Exercise details: The reply should be an exact repeat of the listing, with no pictures in it.

Given information:
- - -
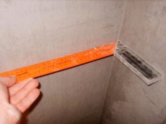 - 放置砂浆应借助于铅垂条,距离不超过150厘米。他们将帮助你更仔细地平整瓷砖底座。
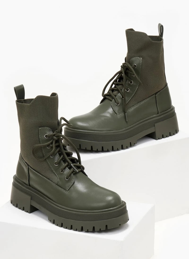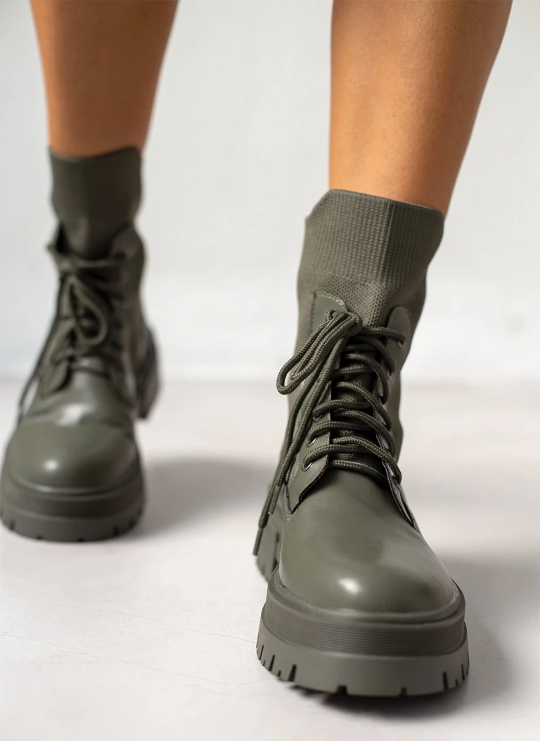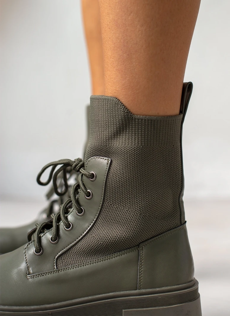 Αρβυλάκια με σχέδιο κάλτσα στη γάμπα.Έχουν ψηλή τρακτερωτή σόλα με σχέδιο. Λεπτομέρεια θηλάκι στο πίσω μέρος.
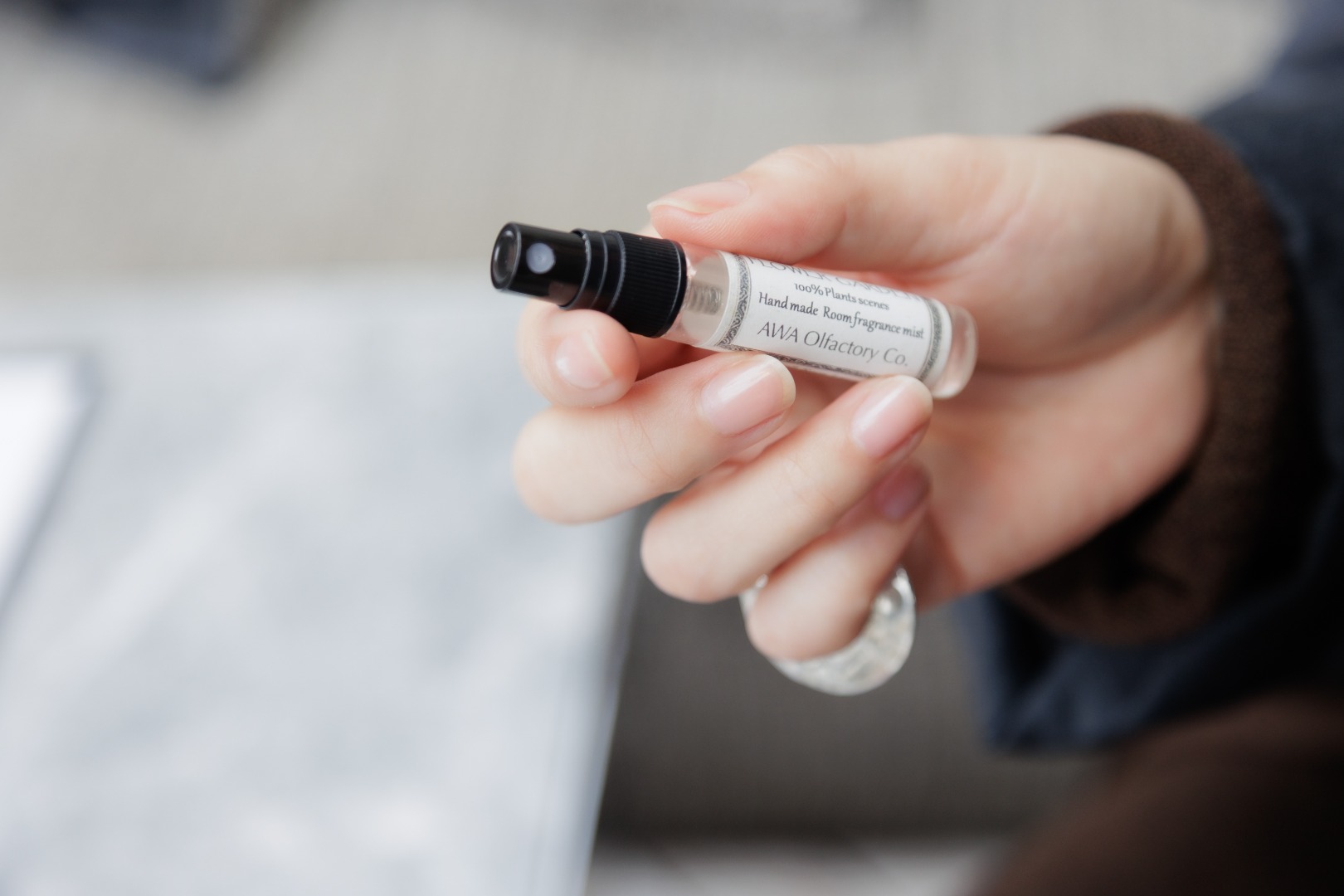 香水はdries van notenのものを、長丁場の撮影の時は気分転換ができる、AWAOlfactory Co.のルームフレグランスミストを使用してます。
- - -
Exercise result:
 - 放置砂浆应借助于铅垂条,距离不超过150厘米。他们将帮助你更仔细地平整瓷砖底座。
 Αρβυλάκια με σχέδιο κάλτσα στη γάμπα.Έχουν ψηλή τρακτερωτή σόλα με σχέδιο. Λεπτομέρεια θηλάκι στο πίσω μέρος.
 香水はdries van notenのものを、長丁場の撮影の時は気分転換ができる、AWAOlfactory Co.のルームフレグランスミストを使用してます。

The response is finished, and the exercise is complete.